New Report on Hate Violence against LGBTQ & HIV affected Individuals

Sexual and domestic violence often intersects with other forms of oppression and hate violence, often encountered and experienced by those individuals with multiple marginal identities such as the lesbian, gay, bisexual, transgender, queer (LGBTQ) and HIV-affected people. Hate violence is manifested through physical violence, verbal and street harassment, sexual violence, and discrimination, and other forms of abuse. Unfortunately, multiple identities such as gender, sexual orientation, racial, ethnic, and immigration status, uniquely impact how LGBTQ and HIV affected survivors experience hate violence and their experiences seeking help and support. With the one year anniversary of the Orlando Pulse nightclub shooting this week, the timely release of this report only seems relevant.

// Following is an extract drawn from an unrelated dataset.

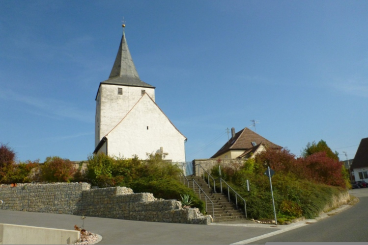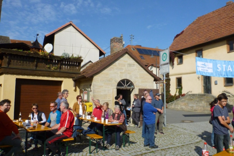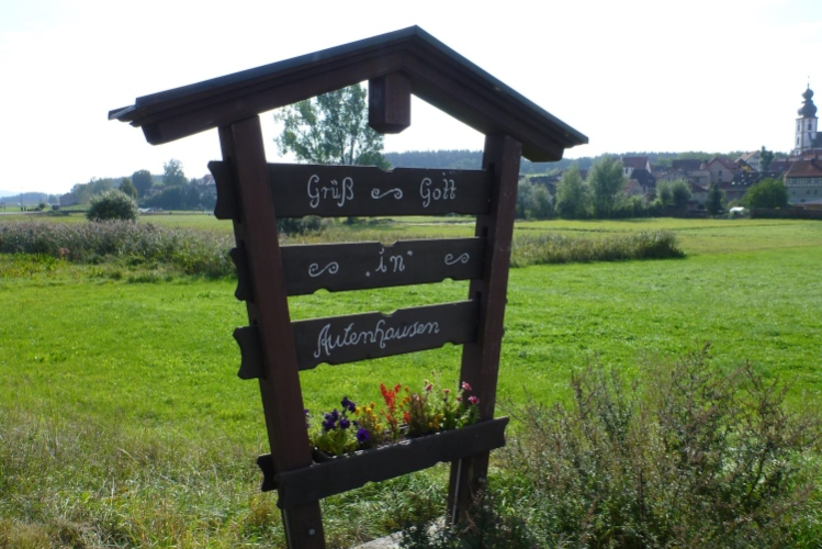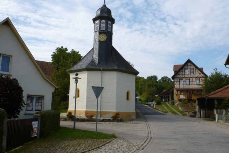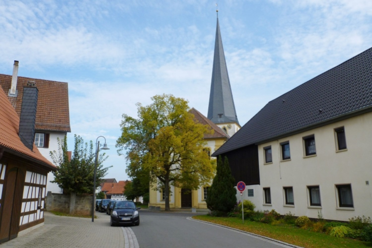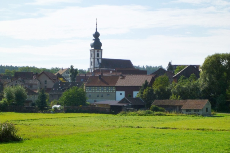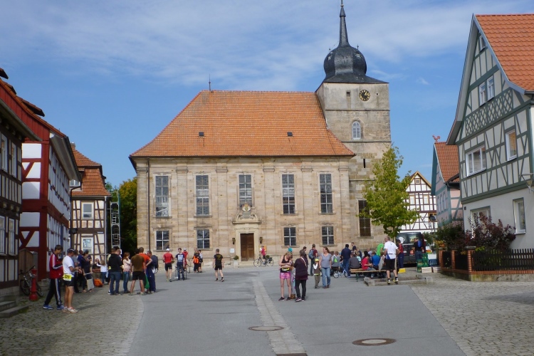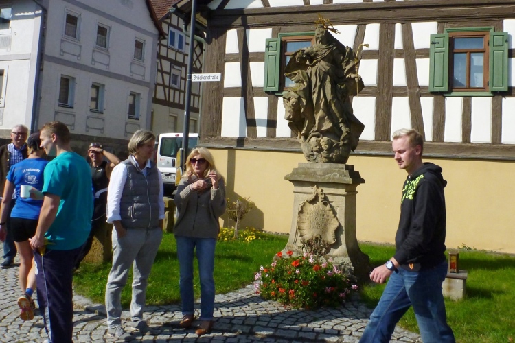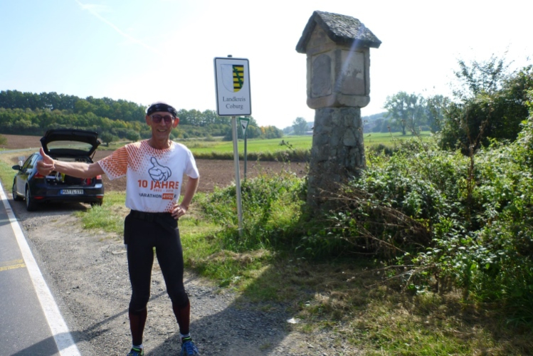 An einem Gedenkmarterl überschreiten wir wieder die Landesgrenze, die Landesstraße wird zur Staatsstraße, wir sind im Landkreis Coburg. Ein paar Bayern haben sich hier auf weiter Flur versammelt, um uns den notwendigen Drive bis zum Wechsel in Autenhausen zu geben. Der Ortsteil gehört zur Stadt Seßlach. Autenhausen hat auch eine weit in das neunte Jahrhundert zurückreichende Geschichte. Wir laufen über die Kreck hinweg und rennen in die Ortsmitte bei der barocken Pfarrkirche St. Sebastian (1774 erbaut).

A program of the New York City Anti-Violence Project (NCAVP), the National Coalition of Anti-Violence Programs (AVP) just released the most recent report, the 2016 Report on LGBTQ and HIV-Affected Hate Violence. In 2016, out of 1,036 survivors of hate violence that reported to 12 NCAVP member programs about their experiences, there was a total of 77 hate violence related homicides of LGBTQ and HIV affected individuals recorded by NCAVP. These included the 49 lives lost in the shooting at Pulse nightclub in Orlando, Florida. 2016 was recorded being the deadliest year for the LGBTQ community,

The statistics and the experiences shared in the report are alarming and troubling! We need to urgently find ways to shift the culture and prevent hate violence and other intersectional forms of oppression against the LGBTQ and HIV-affected people.  The report highlights key protective factors for preventing hate violence, out of which few are highlighted here:

  1. Creating safe, inclusive, and respectful work, home and school spaces for LGBTQ and HIV affected individuals.
  2. Due to the increase in hate violence experienced online in 2016 particularly by youth and Latinx survivors, it is necessary to develop resources and programs preventing online harassment.
  3. It is also critical that we center the voices, experiences, vision and leadership of those most affected by hate violence when creating programs and policies in prevention and response, and community strategies to tackle the root causes of hate violence. The unique experiences of those affected by hate violence includes transgender and gender non-confirming individuals, LGBTQ people of color and youth, LGBTQ people with disabilities or undocumented.

To summarize, shifting the culture and preventing hate violence is possible when we recognize historical systems of oppression, support community-based initiatives for healing and trauma-informed spaces, and most importantly, creating a culture that is affirming, inclusive and representative of LGTBQ communities.